[1] "Created: Wed Apr 1 16:35:44 2015"
See the introduction for an overview.
library(lme4)
library(ggplot2)
options(digits=5,show.signif.stars=FALSE)
Load in and plot the data:
data(abrasion, package="faraway")
abrasion
run position material wear
1 1 1 C 235
2 1 2 D 236
3 1 3 B 218
4 1 4 A 268
5 2 1 A 251
6 2 2 B 241
7 2 3 D 227
8 2 4 C 229
9 3 1 D 234
10 3 2 C 273
11 3 3 A 274
12 3 4 B 226
13 4 1 B 195
14 4 2 A 270
15 4 3 C 230
16 4 4 D 225
ggplot(abrasion,aes(x=material, y=wear, shape=run, color=position))+geom_point(position = position_jitter(width=0.1, height=0.0))
mmod <- lmer(wear ~ material + (1|run) + (1|position), abrasion)
print(summary(mmod),correlation=FALSE)
Linear mixed model fit by REML ['lmerMod']
Formula: wear ~ material + (1 | run) + (1 | position)
Data: abrasion
REML criterion at convergence: 100.3
Scaled residuals:
Min 1Q Median 3Q Max
-1.090 -0.302 0.027 0.422 1.210
Random effects:
Groups Name Variance Std.Dev.
run (Intercept) 66.9 8.18
position (Intercept) 107.1 10.35
Residual 61.3 7.83
Number of obs: 16, groups: run, 4; position, 4
Fixed effects:
Estimate Std.

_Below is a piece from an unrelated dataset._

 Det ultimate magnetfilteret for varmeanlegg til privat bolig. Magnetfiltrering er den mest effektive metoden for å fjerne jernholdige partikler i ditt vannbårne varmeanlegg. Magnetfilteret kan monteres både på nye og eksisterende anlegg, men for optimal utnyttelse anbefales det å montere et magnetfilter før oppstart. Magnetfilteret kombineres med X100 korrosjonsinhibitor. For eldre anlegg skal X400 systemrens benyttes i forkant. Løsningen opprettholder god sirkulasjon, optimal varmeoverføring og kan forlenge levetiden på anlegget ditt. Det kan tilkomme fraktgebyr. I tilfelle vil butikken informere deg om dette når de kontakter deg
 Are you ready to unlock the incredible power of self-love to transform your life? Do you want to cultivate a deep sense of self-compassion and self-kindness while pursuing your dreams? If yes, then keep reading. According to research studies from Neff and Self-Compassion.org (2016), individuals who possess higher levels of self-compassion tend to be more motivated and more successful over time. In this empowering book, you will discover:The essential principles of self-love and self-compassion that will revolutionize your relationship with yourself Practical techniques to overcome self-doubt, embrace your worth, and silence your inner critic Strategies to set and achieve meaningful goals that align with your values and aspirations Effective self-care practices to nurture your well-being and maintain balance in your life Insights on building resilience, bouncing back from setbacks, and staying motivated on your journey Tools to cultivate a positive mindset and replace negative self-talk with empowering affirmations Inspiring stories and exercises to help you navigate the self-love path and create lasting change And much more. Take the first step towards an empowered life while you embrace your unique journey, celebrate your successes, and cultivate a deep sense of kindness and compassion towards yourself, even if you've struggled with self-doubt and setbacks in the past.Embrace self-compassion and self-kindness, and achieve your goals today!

Error t value
(Intercept) 265.75 7.67 34.7
materialB -45.75 5.53 -8.3
materialC -24.00 5.53 -4.3
materialD -35.25 5.53 -6.4
anova(mmod)
Analysis of Variance Table
Df Sum Sq Mean Sq F value
material 3 4621 1540 25.1
No inferential output is provided (as expected)
Construct confidence intervals using the parametric bootstrap:
confint(mmod, method="boot")
2.5 % 97.5 %
sd_(Intercept)|run 0.0000 16.418
sd_(Intercept)|position 0.0000 19.511
sigma 3.6584 11.830
(Intercept) 251.0119 281.808
materialB -57.7385 -35.538
materialC -34.5255 -12.980
materialD -45.4872 -24.729
We can apply the Kenward-Roger adjustment to test the fixed effect like this:
library(pbkrtest)
mmod <- lmer(wear ~ material + (1|run) + (1|position), abrasion,REML=FALSE)
nmod <- lmer(wear ~ 1+ (1|run) + (1|position), abrasion,REML=FALSE)
KRmodcomp(mmod, nmod)
F-test with Kenward-Roger approximation; computing time: 0.16 sec.
large : wear ~ material + (1 | run) + (1 | position)
small : wear ~ 1 + (1 | run) + (1 | position)
stat ndf ddf F.scaling p.value
Ftest 25.1 3.0 6.0 1 0.00085
We see strong evidence of a difference between materials.
The RLRsim
package cannot be used here as there is more than one random effect. We can implement the parametric bootstrap directly to test whether there is any variance in the runs (for example)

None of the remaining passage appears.